● **WHAT YOU ARE ASKED TO DO**: Your answer must be the lines from the one containing "Copenhagen soffserie är" through the last line below, copied exactly, with no pictures.

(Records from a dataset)
=== Begin Enclosure ===
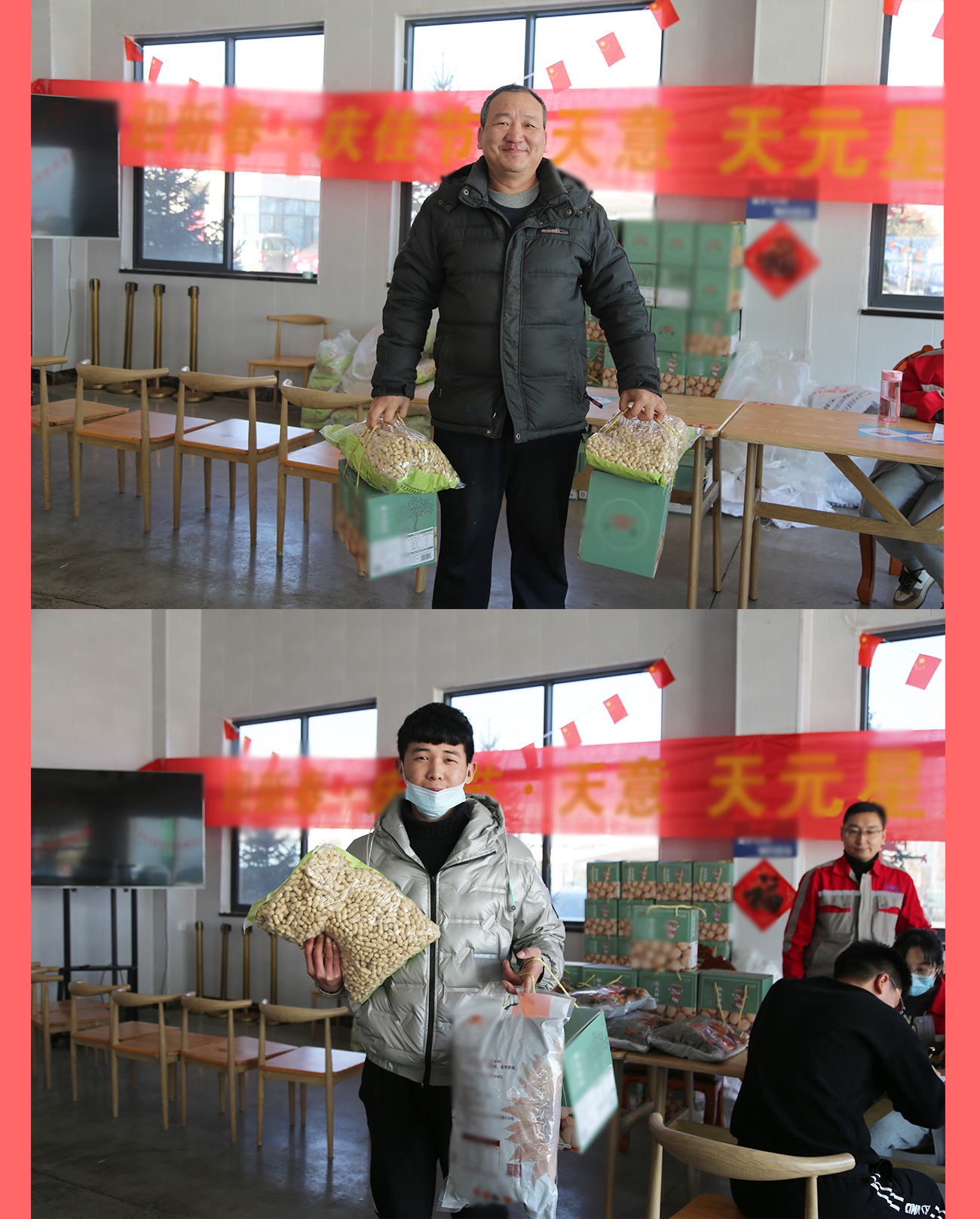 1月17日,我公司在食堂大廳為員工們發放春節福利,天元星在此祝大家新春快樂!
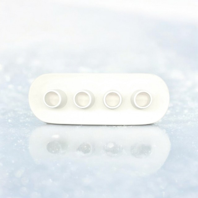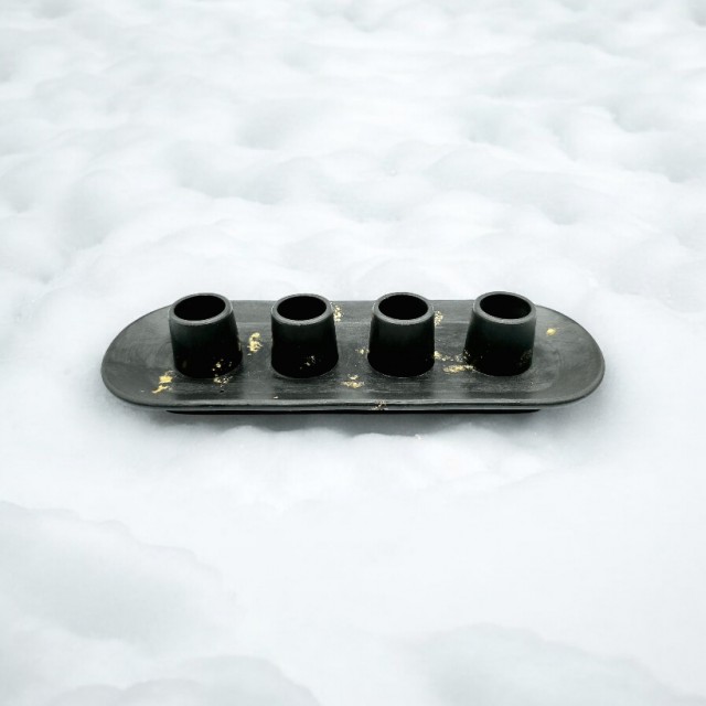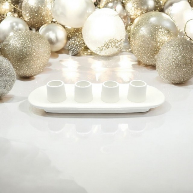 Designet er minimalistisk og moderne, med en avlang base og fire jevnt fordelt holdere, som gjør den perfekt både som et dekorativt midtpunkt på spisebordet eller som en elegant detalj i vinduskarmen.
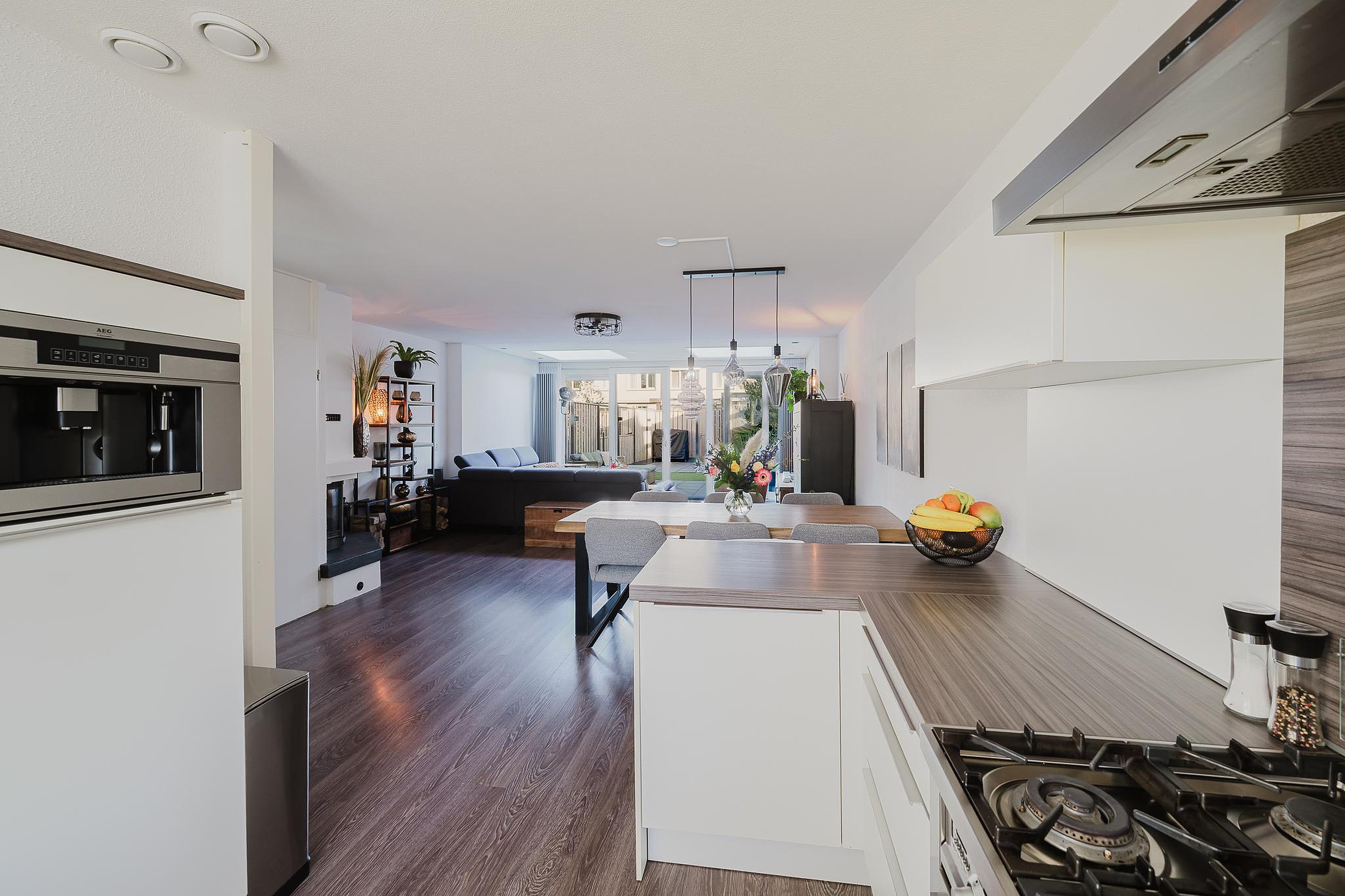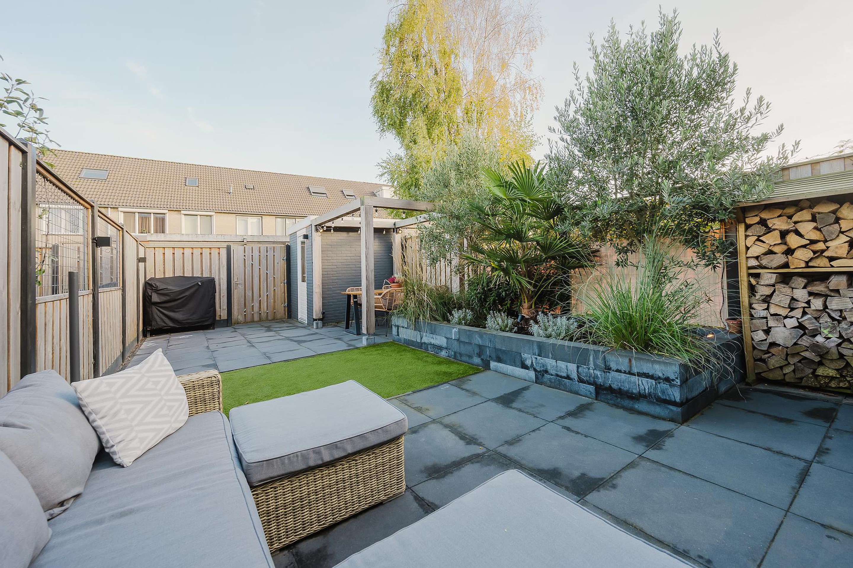 Vanuit de woonkamer bereik je via de schuifpui de fraai aangelegde achtertuin. De achtertuin is twee jaar geleden volledig nieuw aangelegd, is voorzien van een achterom en een elektrisch zonnescherm.
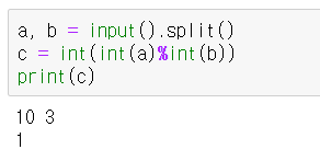 [CodeUp]기초100제(python)_1043번 : [산술연산] 정수 2개 입력받아 나눈 나머지 출력하기 본문
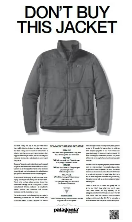 American clothing company Patagonia designs and sells outdoor apparel and gear. The brand is recognized for its strong commitment to environmental sustainability, ethical business practices, and advocacy for nature conservation.
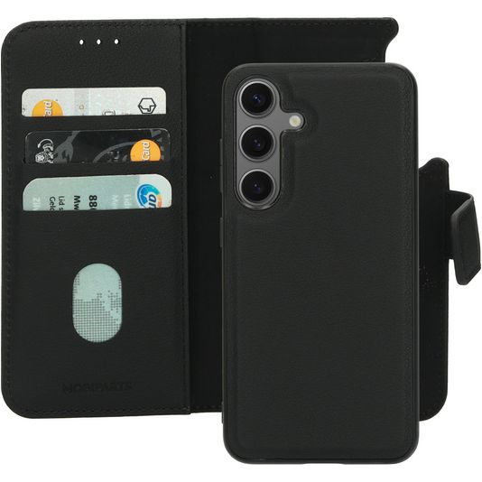 Mobiparts Samsung Galaxy S24 MagSafe Hülle Echtes Leder Abnehmbare 2in1 Klapphülle Geldbörse - Schwarz
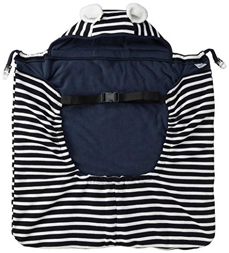 【ER2700-2475S】フットマフ ケープ マント ポンチョ 子供 ベビー キッズ 暖かい中綿入り 星柄 ボーダー柄 アニマル 耳・しっぽ付き 抱っこ紐用 ベビーカー対応 内側ゴム入り フィッシュクリップ付 バックル付きベルト仕様 (ボーダー柄 紺)
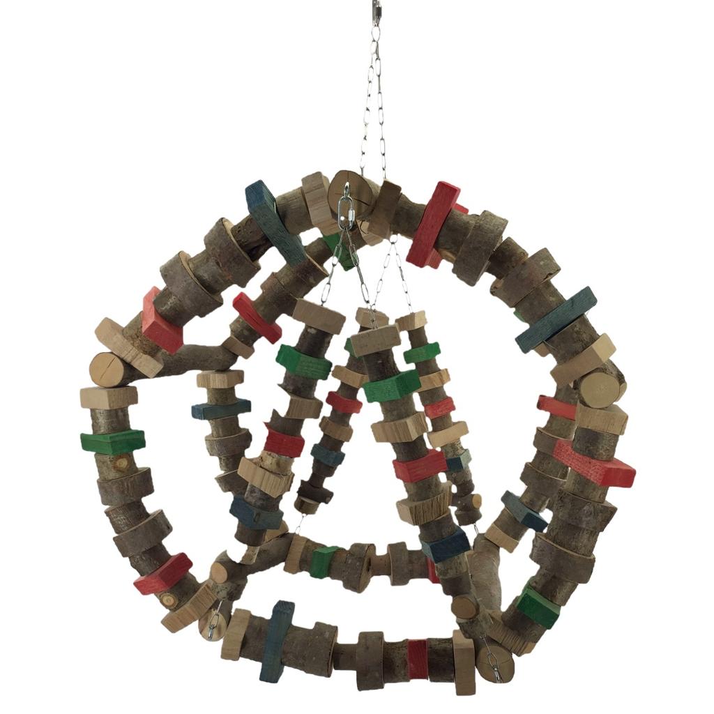 Gigantisches Papageien Schaukelrad mit 5 Naturholzsprossen und reichlich Knabberholz in bunt und naturbelassen.
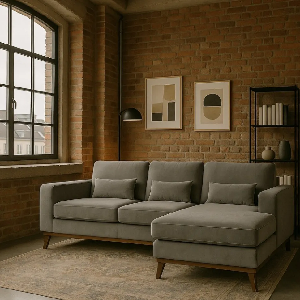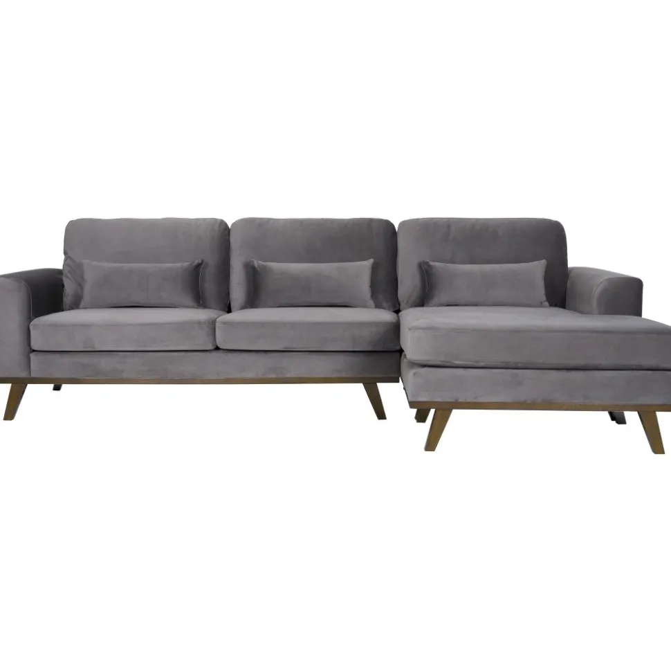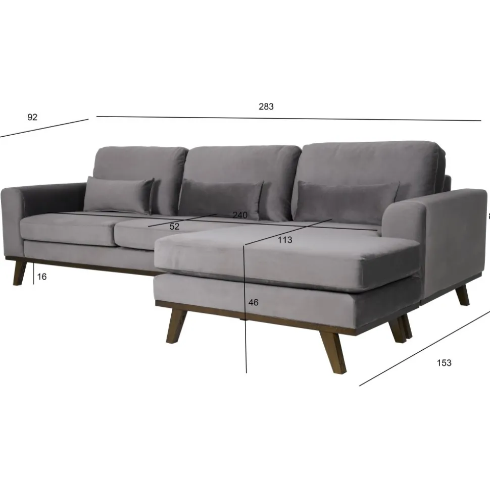 Copenhagen soffserie är en mycket påkostad möbelserie med en skandinavisk design och utförande. Möblerna i Copenhagen-serien kännetecknas av den välarbetade trälisten som sitter som en ram nertill runt hela soffan. Stoppningen är gjord med fibertopp på en 35 kg kallskumkärna för en komfortabel och hållbar dyna. Massiva svartbetsade ekben som matchar träramen på soffan. Klädseln är ett mjukt och hållbart tyg med sammetskänsla. Divandelen går att placera på valfri sida.
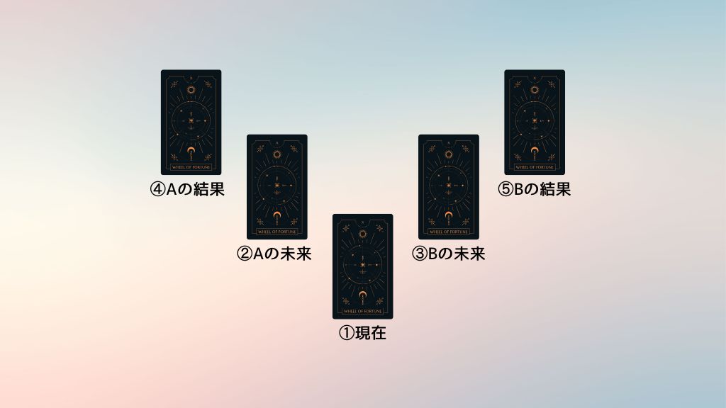二者択一では5枚のカードを使って2つの選択肢の今後を占います。
=== End Enclosure ===
● **SOLUTION**:
 Copenhagen soffserie är en mycket påkostad möbelserie med en skandinavisk design och utförande. Möblerna i Copenhagen-serien kännetecknas av den välarbetade trälisten som sitter som en ram nertill runt hela soffan. Stoppningen är gjord med fibertopp på en 35 kg kallskumkärna för en komfortabel och hållbar dyna. Massiva svartbetsade ekben som matchar träramen på soffan. Klädseln är ett mjukt och hållbart tyg med sammetskänsla. Divandelen går att placera på valfri sida.
二者択一では5枚のカードを使って2つの選択肢の今後を占います。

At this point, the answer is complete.